Stone v. Stone, 2019 WL 6790500 (D. New Jersey, 2019)[Israel] [Habitual residence] [Wrongful removal] [Petition denied]



In Stone v. Stone, 2019 WL 6790500 (D. New Jersey, 2019) the District Court denied Petitioner Yerucham Stone’s September 12, 2019 petition for the return of his three minor children to Israel.

Petitioner and Respondent were both United States citizens who were born in New Jersey. Both parties and the Minor Children were Orthodox Jews. Nearly all of the parties’ close familial relatives lived in the United States. Petitioner iwas a Talmudic scholar who began studying in Israel in or around 2010. Petitioner and Respondent met in Israel in August 2013, and married in a religious ceremony in New York on December 5, 2013. The couple had three minor children: D.S., age 5; R.S., age 3; and M.S., age 1. Although the Minor Children were born in Israel, they were solely citizens of the United States. Throughout the duration of their marriage, the parties primarily resided in Israel and made frequent return trips to the United States. 

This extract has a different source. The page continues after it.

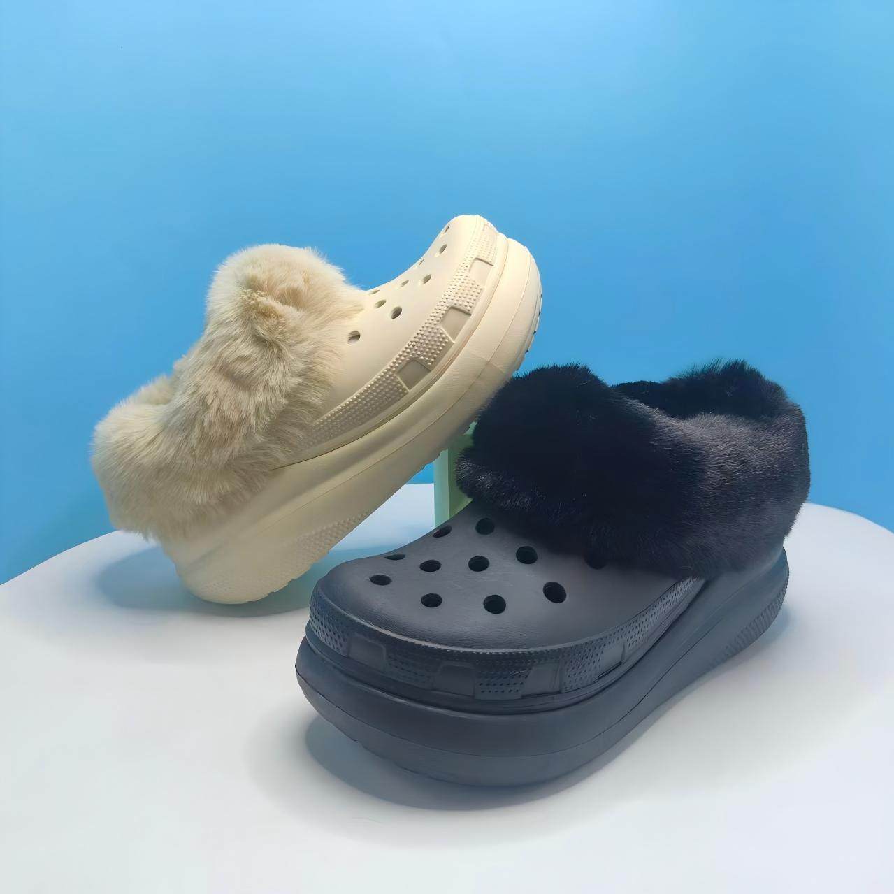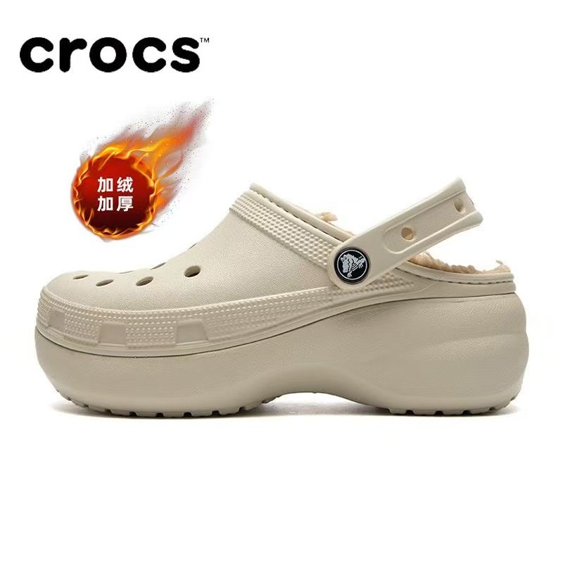 Crocss卡骆驰云朵洞洞鞋加绒泡芙云彩沙滩女厚底包头增高凉鞋鞋子

In or around August 2018, Petitioner signed a five-year lease on an apartment. The parties subsequently invested the equivalent of approximately $10,000 to renovate the apartment. Petitioner entered Israel pursuant to an A2 student visa, which expired in 2023. Respondent, as the spouse of an individual present on an A2 visa, was permitted to remain in the country on an A4 accompaniment visa. Because Petitioner was present in Israel on a student visa, neither he nor Respondent was legally permitted to work in the country. The parties painted vastly different pictures of life in Israel. Respondent testified there were several times when the family could not afford to buy food for the Sabbath. Respondent alleged that Petitioner “began exercising more and more control over [her], refusing to give [her] any funds, or ... allow [her] to buy any clothing” and also described a general feeling of isolation. Respondent and the Minor Children had great difficulty communicating in Israel because they only spoke English and did not speak Hebrew.
When the parties traveled within the country, they primarily did so either on foot or via public transportation because they did not own a car. In February 2019, Respondent told Petitioner that a family emergency required her to return to New Jersey. Respondent testified that she fabricated the story because she “was pretty much sure that [Petitioner] would not allow [her] to leave if [she] were to tell him the truth of why [she] was leaving.” 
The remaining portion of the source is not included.